For more examples of these pipelines have a read through these [example workflows](https://docs.nvidia.com/morpheus/morpheus_quickstart_guide.html#example-workflows).

In [None]:
!$x_sdk ls examples/data/

In [None]:
# Simulate a datastream using the pcap_dump dataset file
!$x_morpheus --log_level=DEBUG run \
      --num_threads=3 \
      --edge_buffer_size=4 \
      --use_cpp=True \
      --pipeline_batch_size=1024 \
      --model_max_batch_size=32 \
      pipeline-nlp \
        --model_seq_length=256 \
        from-file --filename=./examples/data/pcap_dump.jsonlines \
        monitor --description 'FromFile Rate' --smoothing=0.001 \
        deserialize \
        preprocess --vocab_hash_file=data/bert-base-uncased-hash.txt --truncation=True --do_lower_case=True --add_special_tokens=False \
        monitor --description='Preprocessing rate' \
        inf-triton --force_convert_inputs=True --model_name=sid-minibert-onnx --server_url=ai-engine:8001 \
        monitor --description='Inference rate' --smoothing=0.001 --unit inf \
        add-class \
        serialize --exclude '^ts_' \
        to-file --filename=/common/data/sid-minibert-onnx-output.jsonlines --overwrite

Let's pause here and examine what's printed out in the console. 

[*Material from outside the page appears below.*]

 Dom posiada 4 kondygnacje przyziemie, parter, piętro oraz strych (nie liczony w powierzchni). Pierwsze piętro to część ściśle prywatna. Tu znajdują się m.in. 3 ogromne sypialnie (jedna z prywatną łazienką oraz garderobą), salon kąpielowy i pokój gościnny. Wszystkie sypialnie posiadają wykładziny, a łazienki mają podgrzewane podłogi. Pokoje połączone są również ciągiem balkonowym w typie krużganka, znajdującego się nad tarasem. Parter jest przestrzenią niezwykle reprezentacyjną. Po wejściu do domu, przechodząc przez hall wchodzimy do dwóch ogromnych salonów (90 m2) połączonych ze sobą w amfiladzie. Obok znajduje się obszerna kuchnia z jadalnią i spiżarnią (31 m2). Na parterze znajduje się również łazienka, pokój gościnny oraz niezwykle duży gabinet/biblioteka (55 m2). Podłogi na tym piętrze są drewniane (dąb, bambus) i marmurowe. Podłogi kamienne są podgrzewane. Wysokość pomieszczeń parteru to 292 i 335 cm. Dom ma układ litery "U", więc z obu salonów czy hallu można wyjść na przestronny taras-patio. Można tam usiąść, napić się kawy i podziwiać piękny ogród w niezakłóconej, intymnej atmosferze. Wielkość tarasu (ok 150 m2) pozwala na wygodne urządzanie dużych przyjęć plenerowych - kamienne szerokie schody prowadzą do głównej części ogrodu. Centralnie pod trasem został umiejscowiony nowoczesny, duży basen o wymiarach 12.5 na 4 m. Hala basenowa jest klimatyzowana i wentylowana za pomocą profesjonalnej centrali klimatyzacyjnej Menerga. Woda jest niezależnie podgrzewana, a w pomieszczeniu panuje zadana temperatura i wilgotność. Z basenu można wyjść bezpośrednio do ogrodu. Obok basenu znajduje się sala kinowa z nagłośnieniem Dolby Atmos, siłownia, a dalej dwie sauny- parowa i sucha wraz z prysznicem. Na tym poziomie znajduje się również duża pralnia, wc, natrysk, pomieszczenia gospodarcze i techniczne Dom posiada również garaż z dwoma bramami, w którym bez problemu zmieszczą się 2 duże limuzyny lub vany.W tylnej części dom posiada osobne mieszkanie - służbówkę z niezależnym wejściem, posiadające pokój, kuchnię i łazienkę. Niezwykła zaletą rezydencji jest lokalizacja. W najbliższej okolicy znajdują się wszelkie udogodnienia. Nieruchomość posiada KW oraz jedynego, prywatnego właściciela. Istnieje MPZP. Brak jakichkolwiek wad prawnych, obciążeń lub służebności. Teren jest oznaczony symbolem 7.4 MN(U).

Morpheus needs a 'labels' file to map inferences from a class to a human readable label. If one is not provided, it will look in the default location. 

Next Morpheus outputs its config: it will report the type of pipeline it's using (NLP) and the parameters we've chosen for inference (batch size, threads etc)

Then Morpheus will output its progress in building the pipeline, this output will let you know which stage has failed if the pipeline cannot be built for whatever reason.

Finally the will begin processing. Since we've asked the pipeline to monitor the rate of processing the data, we see these outputs here.

## A closer look
At this stage you may want to explore the containers to get a sense of the tools available. Most of the SDKs and scripts will have a help page explaining their functionality.

In [None]:
# Have a look at the files on the SDK container
!$x_sdk ls

In [None]:
# Make GET requests from the SDK container to the ai-engine
# Check ai-engine (triton) is ready for requests
!$x_sdk curl -v ai-engine:8000/v2/health/ready

In [None]:
# The morpheus SDK help page
!$x_morpheus

In [None]:
# Run one of NVIDIA's shell scripts in the broker pod
!$x_broker kafka-topics.sh

In [None]:
# The MLFlow SDK help page
!$x_mlflow

## Kafka

The other way to run a pipeline with Morpheus is to connect it to kafka topics for input and output. To do this we will need to create these topics using one of NVIDIA's provided scripts.

In [None]:
# Create an input topic
!$x_broker kafka-topics.sh\
      --create \
      --bootstrap-server broker:9092 \
      --replication-factor 1 \
      --partitions 3 \
      --topic input

In [None]:
# Create an output topic
!$x_broker kafka-topics.sh\
      --create \
      --bootstrap-server broker:9092 \
      --replication-factor 1 \
      --partitions 3 \
      --topic output

In [None]:
# View the topics we've just created
!$x_broker --list  --zookeeper zookeeper:2181

At this point you could write a pipeline to ingest data from the input topic and publish inferences to the . The easiest way to test this pipeline would be to use the `kafka-console-producer.sh` script in the broker container to simulate an input stream. There are several examples of how to do this in the [quick start guide](https://docs.nvidia.com/morpheus/morpheus_quickstart_guide.html#run-nlp-sensitive-information-detection-pipeline).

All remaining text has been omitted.